Sourceable: Lizzi Byrne, Employment Consultant
We have all heard talk of prefabrication being the next big thing to revolutionise the construction industry in the next 20 to 30 years.
At present, however, it hasn’t eventuated into much more than ‘great potential’ with the current prefabricated Australian market accounting for only three per cent of the total construction industry. Prefabrication in Australia is in its foundational stages and has huge potential for exports, growth and employment.
Prefabrication of buildings isn’t new. It dates back to the 1800s in Australia, but many constraints surrounding the building standards and codes prove that it’s not going to be a quick transition to become more mainstream. Within the Queensland market, we also don’t build on the same large volume scales as countries like China, Europe and the US or even as Victoria and NSW, and prefab’s benefits (such as cost reduction) are most achievable when replicable structures are used. These are important facts to consider with building material construction costs increasing substantially over the past 20 years.
The construction industry traditionally revolves around on-site construction projects, meaning almost everything is built and assembled on site. They don’t necessarily have the experience or knowledge in prefabrication. People in the construction industry are experts in construction. We need help from fabrication experts, working together with construction industry experts to integrate the two into this new age industry that the future is waiting on. Research has recognised productivity and efficiency gains in construction that can be delivered by advanced manufacturing techniques.
The final Ford Falcon rolled off the production line in October this year, leaving many without a job, but with experience in a dying industry in Australia. In many cases, these people are experienced and exceptional workers with extensive knowledge in on-site production line fabrication. Toyota produced its last car in Australia over a year ago, Holden has less than a year left building Commodores and Mitsubishi left our shores in 2008.
For the past 50 years Australia has built suburban communities on the basis of the automotive industry and close to 40,000 Australians (according to the February 16, 2016 article Car industry closure puts thousands of jobs at risk published in The Australian) will lose their jobs across many different company streams related to this industry as a result of company closures.

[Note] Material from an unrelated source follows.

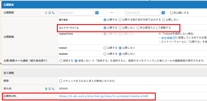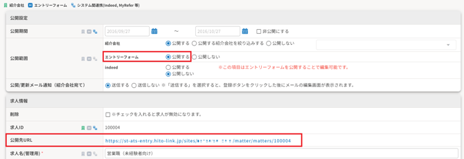 エントリーフォーム公開中の求人ごとに「公開先URL」が発行されます。求人登録画面

It would seem hugely plausible that there is a portion of this group of people that can transition into construction jobs, particularly in prefabrication construction. These skilled professionals can utilise their knowledge and expertise, whilst upskilling in construction gap areas. They can educate and work with construction experts to expand this prefab area of the construction industry into a long-term sustainable industry, which can supply the much needed building and infrastructure projects that will support our growing population.
So, why not just continue on the way we are? Why do we need prefab and why can’t these workers without jobs just start from scratch? The simple answer lies in the benefits mentioned time and time again: increased safety, decreased cost, lower weather risk, decreased waste, ability to use sustainable building practices and materials, lower operating costs for developers, builders and owners, meaning a more sustainable industry over the long term.

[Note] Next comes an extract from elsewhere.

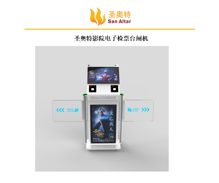 測溫廣告發(fā)布檢票臺是專門針對影院場景應(yīng),用而研發(fā)的一款簡易高效的智能化終端設(shè)備,可放在影院檢票口或者影廳門口,可針對使用場景選配高端擺閘,提高運營效率、減少運營人力。該產(chǎn)品可實現(xiàn)安全穩(wěn)定的無接觸測溫、智能檢票、廣告發(fā)布、同時配合圣奧特云檢票平臺,提供數(shù)據(jù)記錄分析統(tǒng)計等功能,為客戶提供全天候的實時檢票、預(yù)警及集中管控服務(wù)。

With designers needing to work far more closely with the construction teams when using prefabricated methods, there is a huge opportunity to blend advanced manufacturing processes with conventional construction. Taking inspiration, information and experience from automotive, aerospace and shipbuilding industries.
The viability of the manufacturing space within the Australian and Queensland construction markets has already been proven in some areas, with Queensland companies utilising bathroom pods methods in high rise residential builds, accessing the products through outsourced manufacturing methods.

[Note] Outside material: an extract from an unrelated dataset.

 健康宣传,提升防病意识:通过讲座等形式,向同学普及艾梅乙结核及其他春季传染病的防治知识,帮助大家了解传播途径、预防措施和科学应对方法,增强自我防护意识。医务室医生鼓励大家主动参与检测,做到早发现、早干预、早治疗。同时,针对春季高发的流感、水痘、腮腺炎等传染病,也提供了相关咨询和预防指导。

There is Commonwealth funding and some state funding available under the manufacturing transition programme to aid in this transition for employees and employers alike. There is also living proof within some companies already, with some having already employed automotive industry professionals to deliver ground breaking prefab construction projects.
Harnessing the technology and expertise from other sectors, such as the automotive sector, will be crucial to the construction industry being able to keep up with, (or catch up to) the economic output the rest of the world has already encompassed with prefab construction technology.
According to Infrastructure Australia, Queensland will be needing a further 700,000 homes for 1.4 million people over the next 15 years. The opportunity for prefab construction lies in replicable builds – housing, hotels, student accommodation, even retail chain companies. The higher the level of replication, the higher the overall positives of prefab.
There is already a skills shortage fear in certain areas of the industry at present, and this opportunity will provide the potential for a more diverse range of talent, with wider and different skillsets. The prefabrication revolution gives employers the opportunity, whether in the design phase or the manufacture and build phase of a prefabricated project, to hire exceptional staff that will offer innovation, high work quality, speed and accuracy, and longevity. It will enable international competitiveness for growth in a market for new building products.
Our industry is moving forward and the move toward a combination of lean manufacturing and construction is a likely evolution for many areas of the market. Those who embrace the change and are willing to look at talent in areas that they may not have considered up until now will be at the leading edge.